* **WORK INSTRUCTION**: Please restate every line below exactly, without any pictures.

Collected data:
────────────────

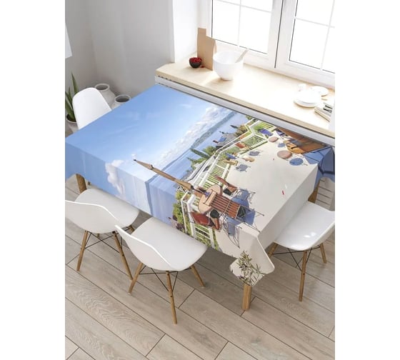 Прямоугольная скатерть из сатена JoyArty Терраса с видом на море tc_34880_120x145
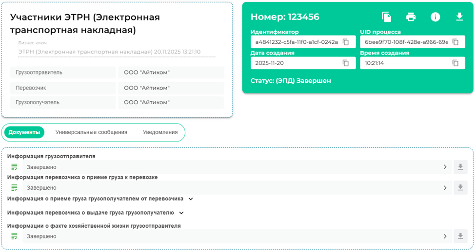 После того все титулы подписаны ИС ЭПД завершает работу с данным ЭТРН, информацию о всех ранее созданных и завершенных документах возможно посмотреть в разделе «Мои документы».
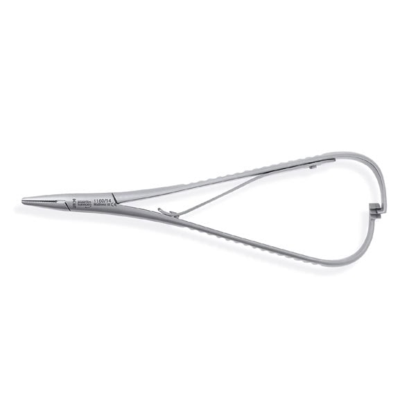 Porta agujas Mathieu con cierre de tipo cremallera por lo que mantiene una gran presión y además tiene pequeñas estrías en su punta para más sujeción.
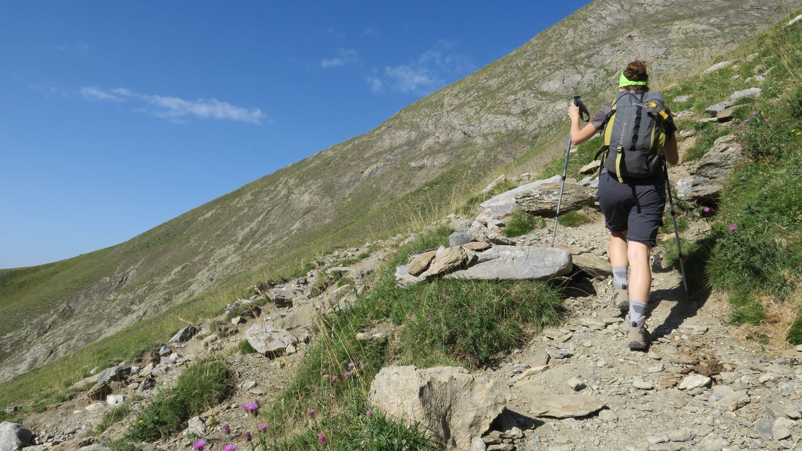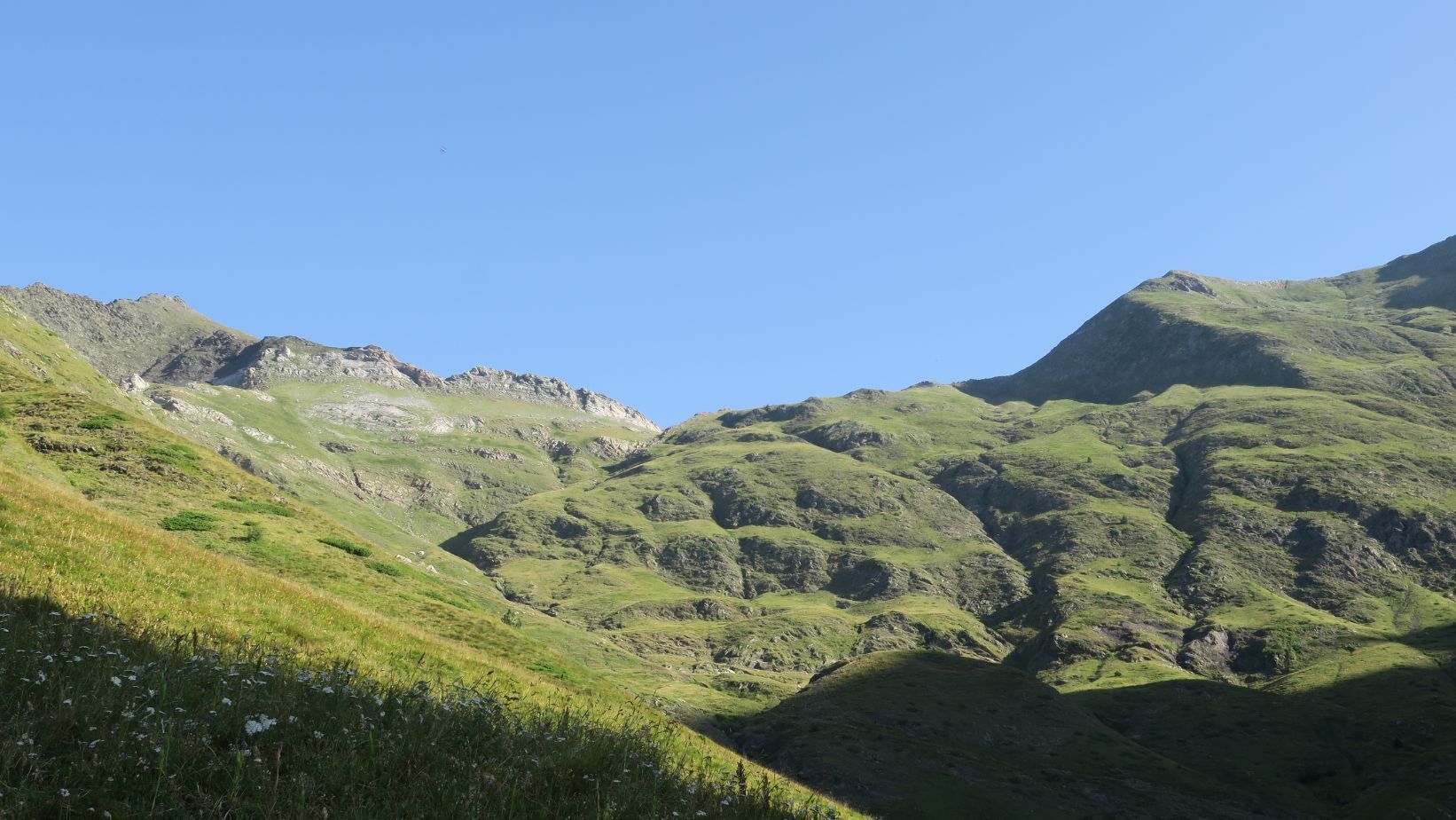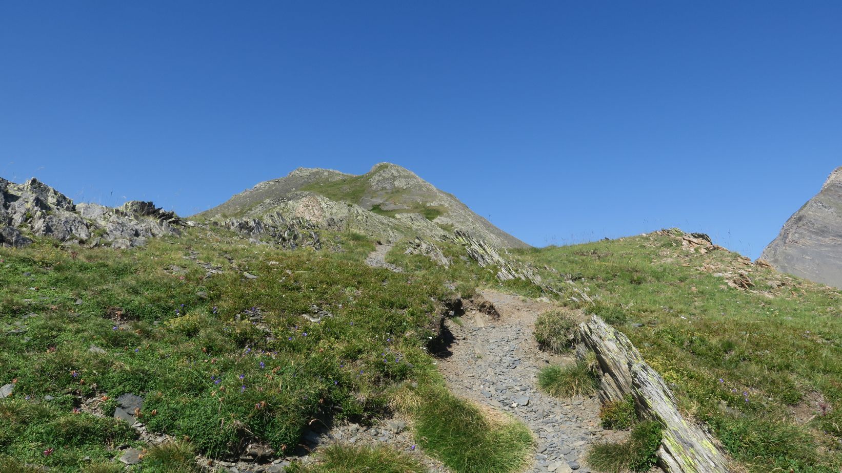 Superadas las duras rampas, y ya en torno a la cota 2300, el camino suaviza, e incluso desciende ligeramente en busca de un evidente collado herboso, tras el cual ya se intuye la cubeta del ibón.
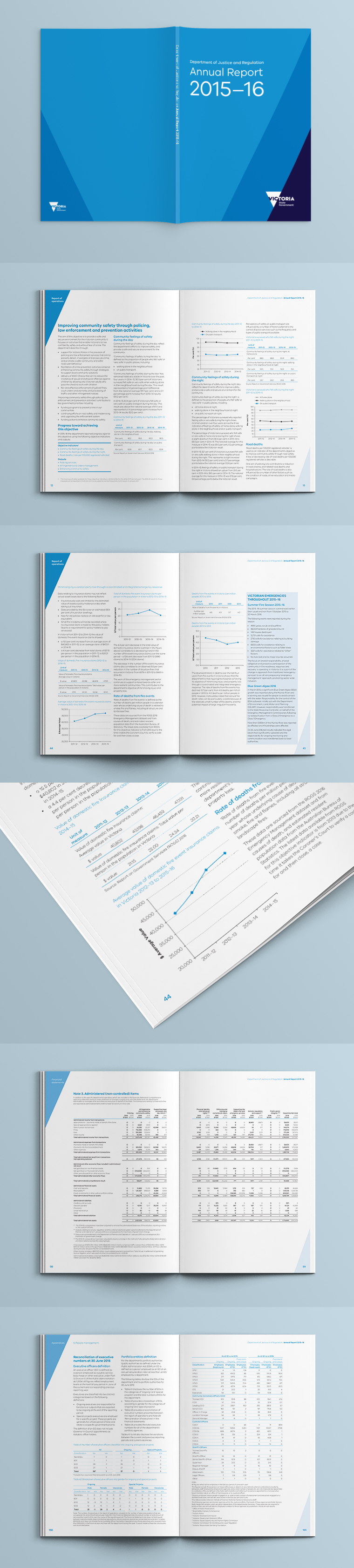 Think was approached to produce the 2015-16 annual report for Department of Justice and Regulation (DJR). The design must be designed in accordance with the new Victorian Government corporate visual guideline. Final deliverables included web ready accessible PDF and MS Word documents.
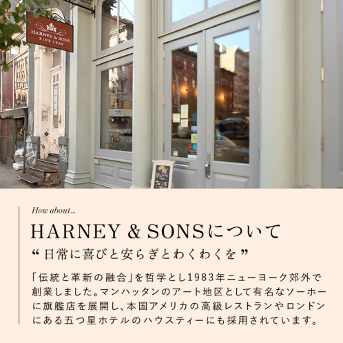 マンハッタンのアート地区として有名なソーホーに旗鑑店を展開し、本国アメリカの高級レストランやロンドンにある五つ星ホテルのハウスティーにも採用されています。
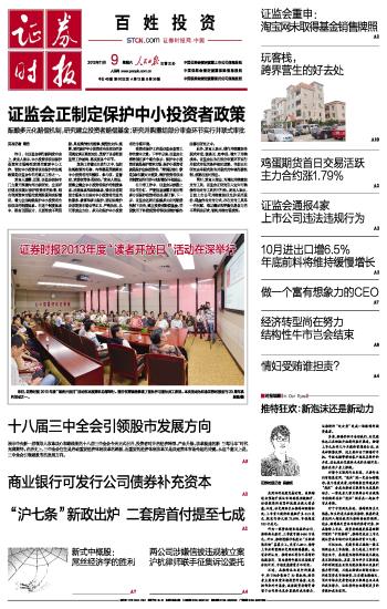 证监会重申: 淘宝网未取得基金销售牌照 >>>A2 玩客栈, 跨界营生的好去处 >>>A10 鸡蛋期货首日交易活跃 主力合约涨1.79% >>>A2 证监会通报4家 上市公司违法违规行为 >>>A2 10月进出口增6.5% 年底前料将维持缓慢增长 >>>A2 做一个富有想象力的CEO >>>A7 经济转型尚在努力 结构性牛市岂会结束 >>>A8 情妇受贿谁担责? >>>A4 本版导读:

────────────────

* **EXERCISE RESPONSE**:
 Прямоугольная скатерть из сатена JoyArty Терраса с видом на море tc_34880_120x145
 После того все титулы подписаны ИС ЭПД завершает работу с данным ЭТРН, информацию о всех ранее созданных и завершенных документах возможно посмотреть в разделе «Мои документы».
 Porta agujas Mathieu con cierre de tipo cremallera por lo que mantiene una gran presión y además tiene pequeñas estrías en su punta para más sujeción.
 Superadas las duras rampas, y ya en torno a la cota 2300, el camino suaviza, e incluso desciende ligeramente en busca de un evidente collado herboso, tras el cual ya se intuye la cubeta del ibón.
 Think was approached to produce the 2015-16 annual report for Department of Justice and Regulation (DJR). The design must be designed in accordance with the new Victorian Government corporate visual guideline. Final deliverables included web ready accessible PDF and MS Word documents.
 マンハッタンのアート地区として有名なソーホーに旗鑑店を展開し、本国アメリカの高級レストランやロンドンにある五つ星ホテルのハウスティーにも採用されています。
 证监会重申: 淘宝网未取得基金销售牌照 >>>A2 玩客栈, 跨界营生的好去处 >>>A10 鸡蛋期货首日交易活跃 主力合约涨1.79% >>>A2 证监会通报4家 上市公司违法违规行为 >>>A2 10月进出口增6.5% 年底前料将维持缓慢增长 >>>A2 做一个富有想象力的CEO >>>A7 经济转型尚在努力 结构性牛市岂会结束 >>>A8 情妇受贿谁担责? >>>A4 本版导读:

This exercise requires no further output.